Date Night
For the first decade of my wife and I’s marriage going on a date was ….eh…inconsistent.
Neither of us was opposed to a regular date night. We enjoyed going out together, trying a new restaurant or brewery and just talking. Yet we have three young boys which made the task feel extra complicated.
Two or three (or four) months would go by without an evening out without the kids. My wife would look at me and say “We need a date night”.
So we’d start to think about who we could ask to babysit, when were they available, and how much it would cost.
It wasn’t in the monthly budget, we didn’t have a regular babysitter, and it wasn’t on our calendar so a date night just felt like a huge task to pull off. Consequentially, I’d tend to put it off until my wife said “We need a date night”.
Many companies approach data the same way.
Everything is rolling along with the status quo until an executive says “We need data analytics”. But it’s hard work because there’s no regular budget for this work and no infrastructure or thoughtful designs for building repeatable analytics solutions.
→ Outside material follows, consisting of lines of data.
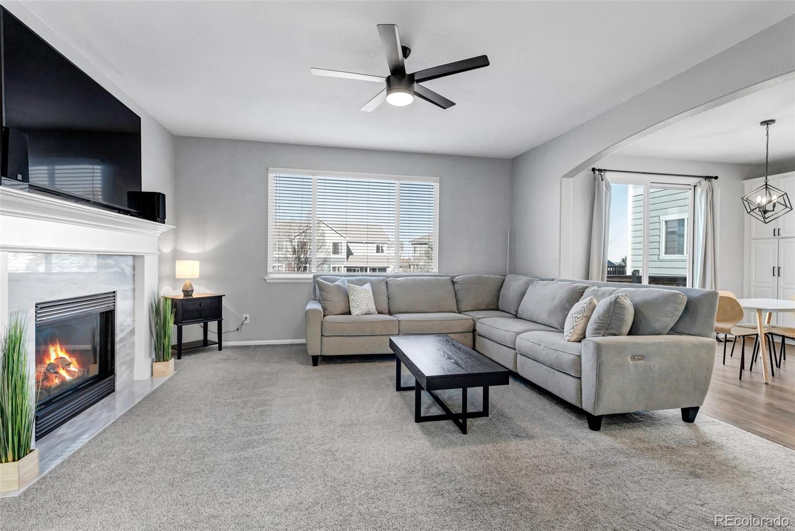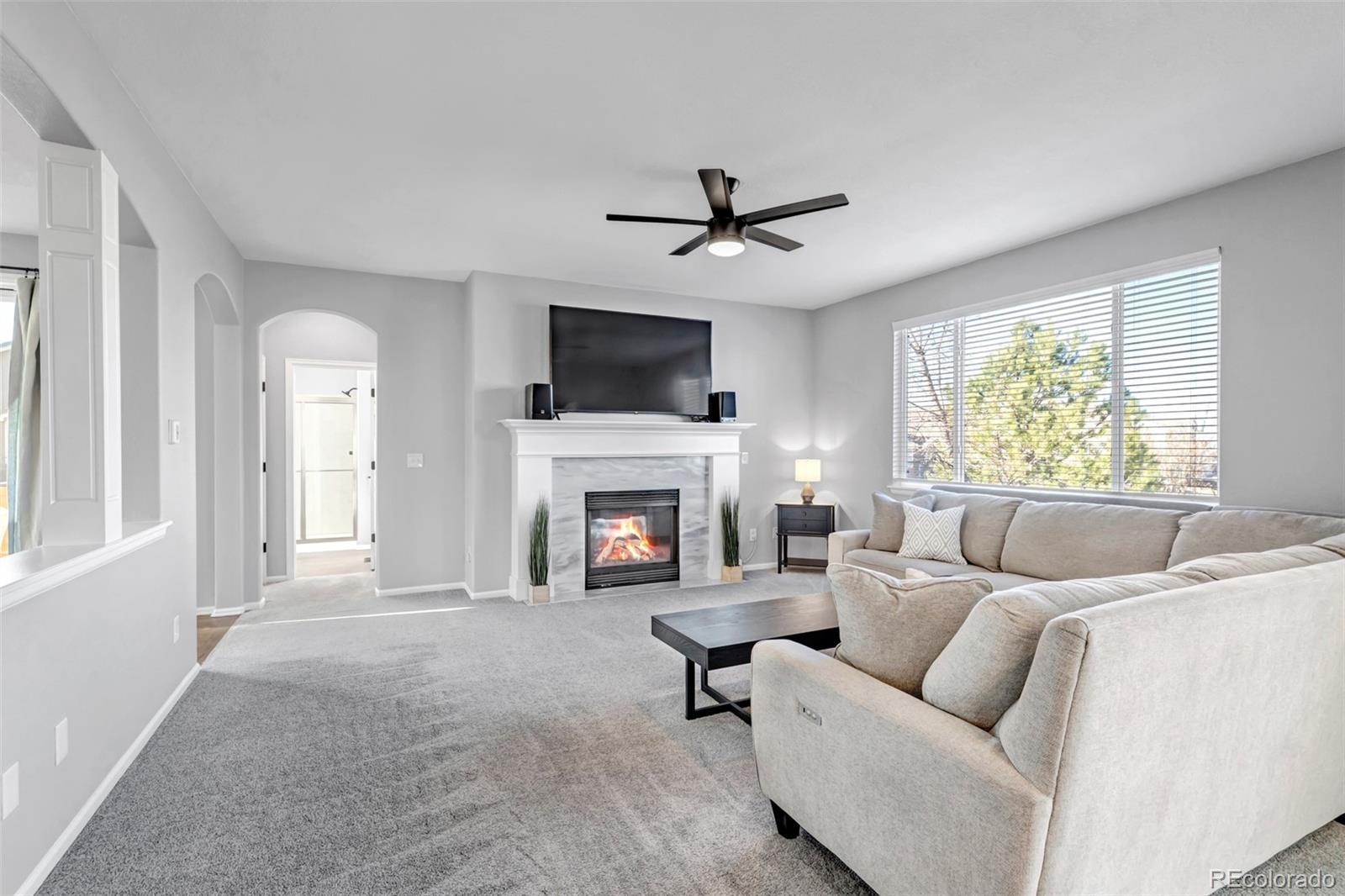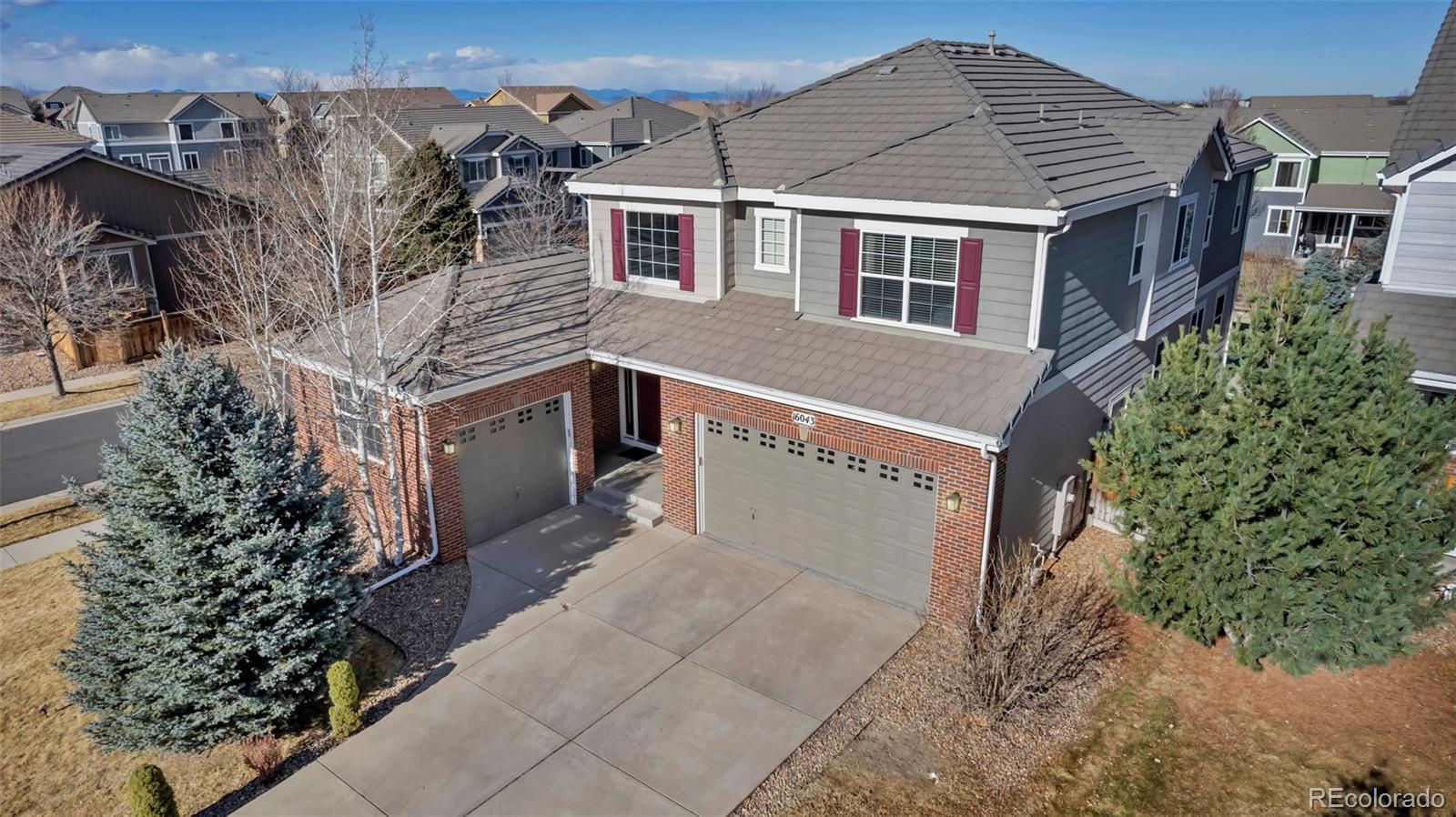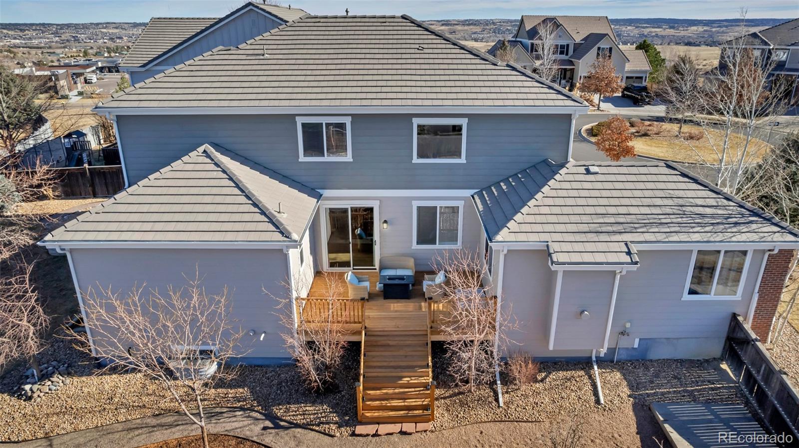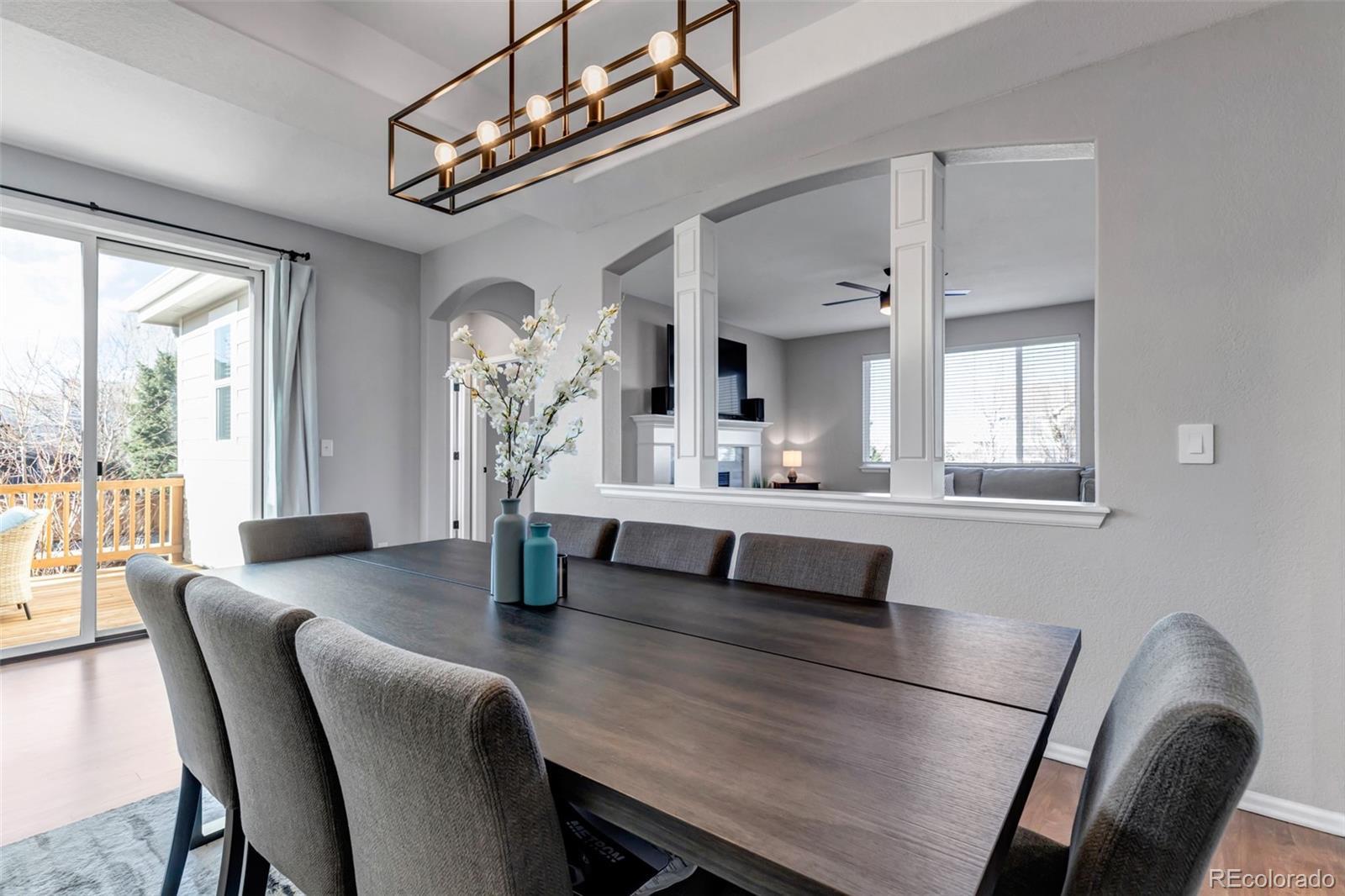 Prepare to fall in love with this impeccably updated 6-bed, 4.5-bath residence set on nearly a 1/4 acre in a peaceful cul-de-sac on a premium corner lot. Offering 4,344 sq ft of finished living space, this home showcases modern sophistication with nearly $100,000 in upgrades throughout. Pikes Peak views set the stage, while the south-facing driveway leads to a finished 2-car main garage and 1-car garage. The main garage is outfitted with polyaspartic flooring, water-resistant paint, and an EV charger for added functionality. Inside, sun-filled open-concept living with refinished hardwood floors (2023) and custom Marvin Infinity sliding doors (2023) seamlessly connects indoor and outdoor living. Entertain on the brand-new deck (2025) with accent lighting for unforgettable evenings, and enjoy the curved patio overlooking a lush, private backyard. The chef’s kitchen (2022) is a true showstopper featuring custom Italian quartz countertops, a premium Café induction cooktop, high-end appliances, and sleek modern finishes. Spa-inspired bathrooms (2022–2024) elevate daily living with Italian marble, designer paint, contemporary hardware, and statement lighting. Every detail has been curated for modern comfort, including updated fans, chandeliers, and smart-home features such as auto-dimmable lighting, smart thermostats, and exterior security enhancements (2022–2025). The professionally finished basement offers a recreation area, wet bar, and custom home theater. A durable concrete tile roof completes this exceptional property. Ideally located within walking distance to Gold Rush Elementary, parks and trails and just minutes from downtown Parker, shopping, dining, and major highways. This is elevated Parker living—where space, luxury, views, and smart design converge in a highly sought-after family-friendly community. Opportunities like this are rare—experience it in person and schedule your private showing before it’s gone.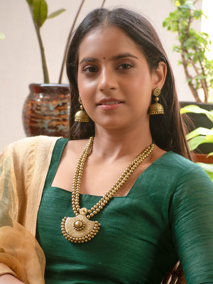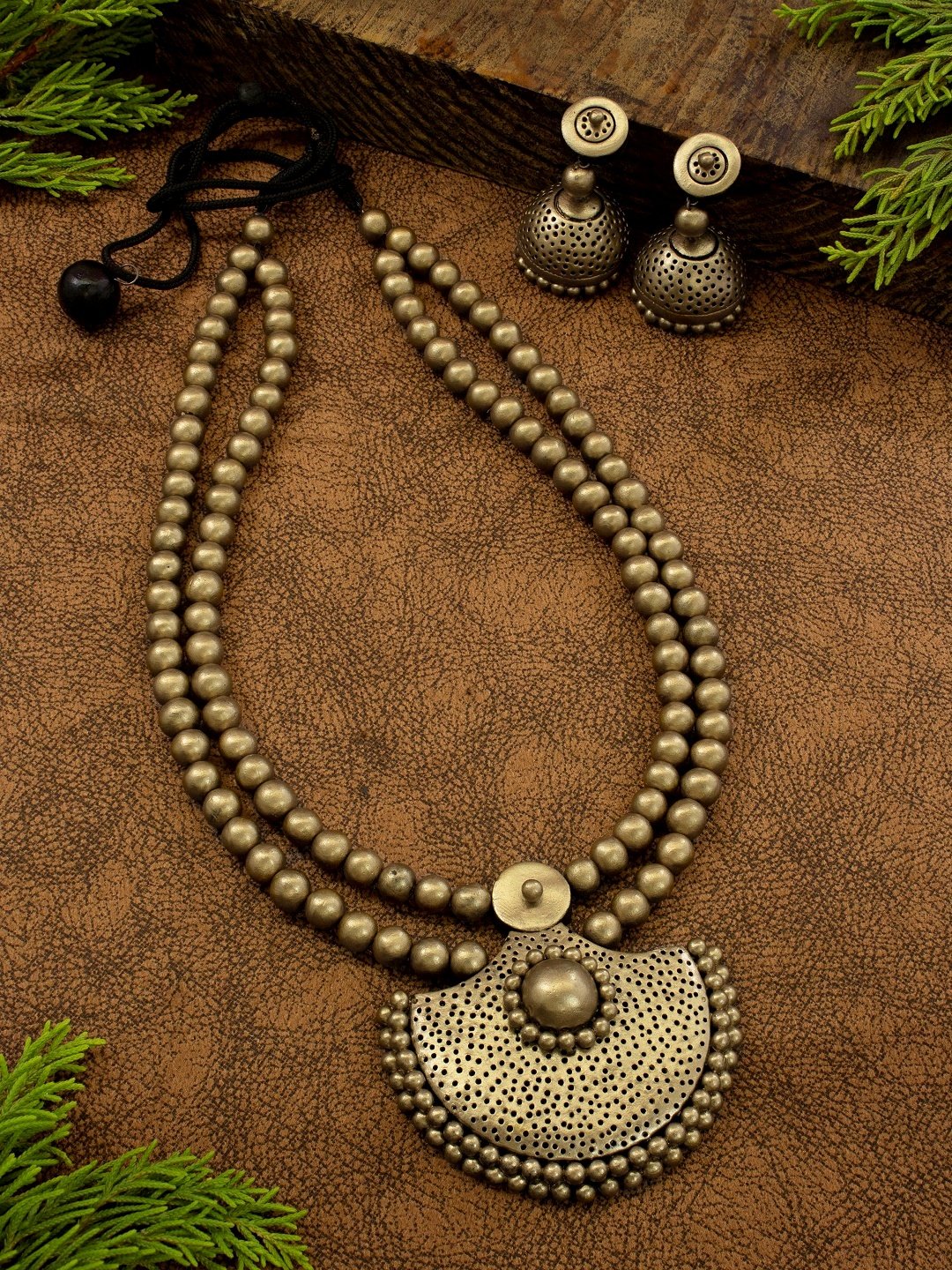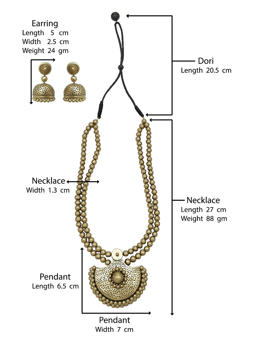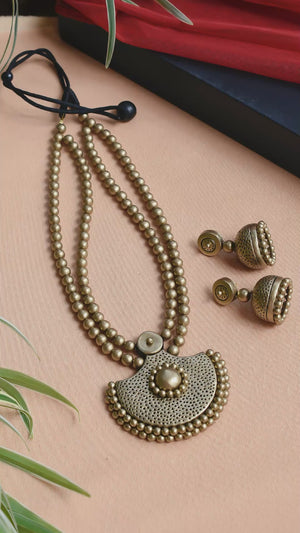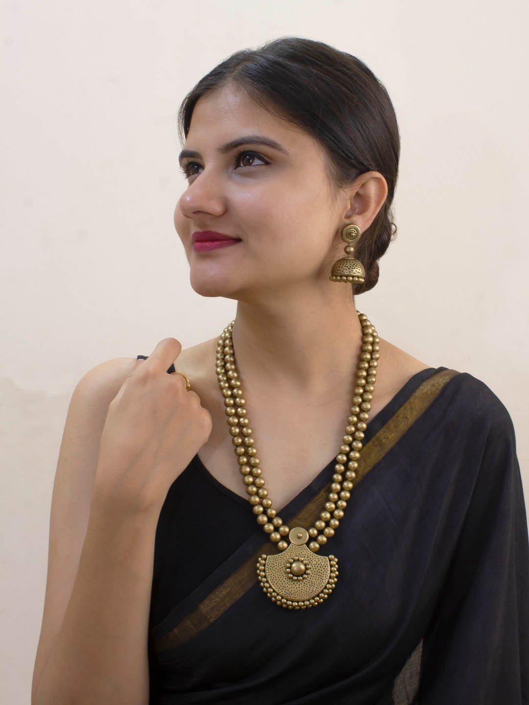 Chandramukhi — Designer Handmade Halfmoon Design Pendant Two Layered Antique Gold Color Terracotta Necklace Set - Kantara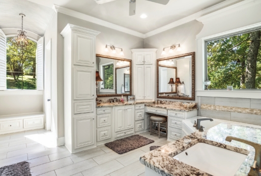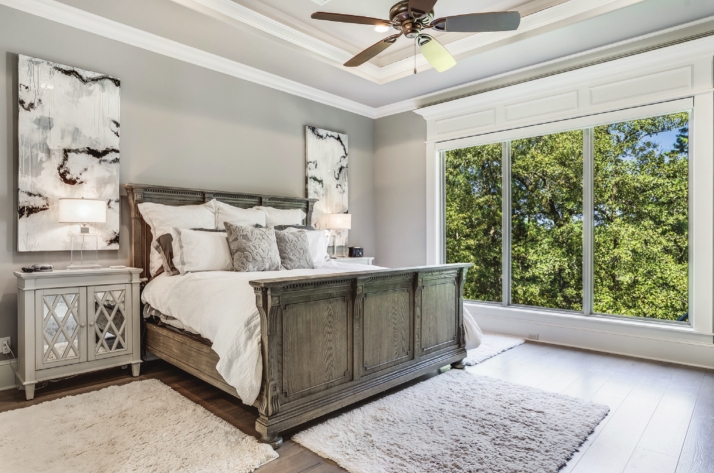 The master bedroom is also located on the upper level. Large windows offer a serene view of the wooded property. Quality Shades & Shutters installed retractable blackout shades, and furnishings came from Restoration Hardware. In the master bath, the cabinetry in is white with acrylic hardware from River Cities Lighting and features granite countertops.

The team makes huge efforts to produce a few reports (above and beyond their normal workloads), but then everything goes back to normal.
Until another company leader says “We need data analytics!”
What if instead, you approached data like my wife and I started doing with our date night? For the last 9 months date night is every other Monday night. The babysitter is booked far in advance, and the cost is known and in the budget. The difficult logistics of our date nights have nearly evaporated.
Now we just get to enjoy the results.
And my wife hasn’t once turned to me and said “We need a date night” since.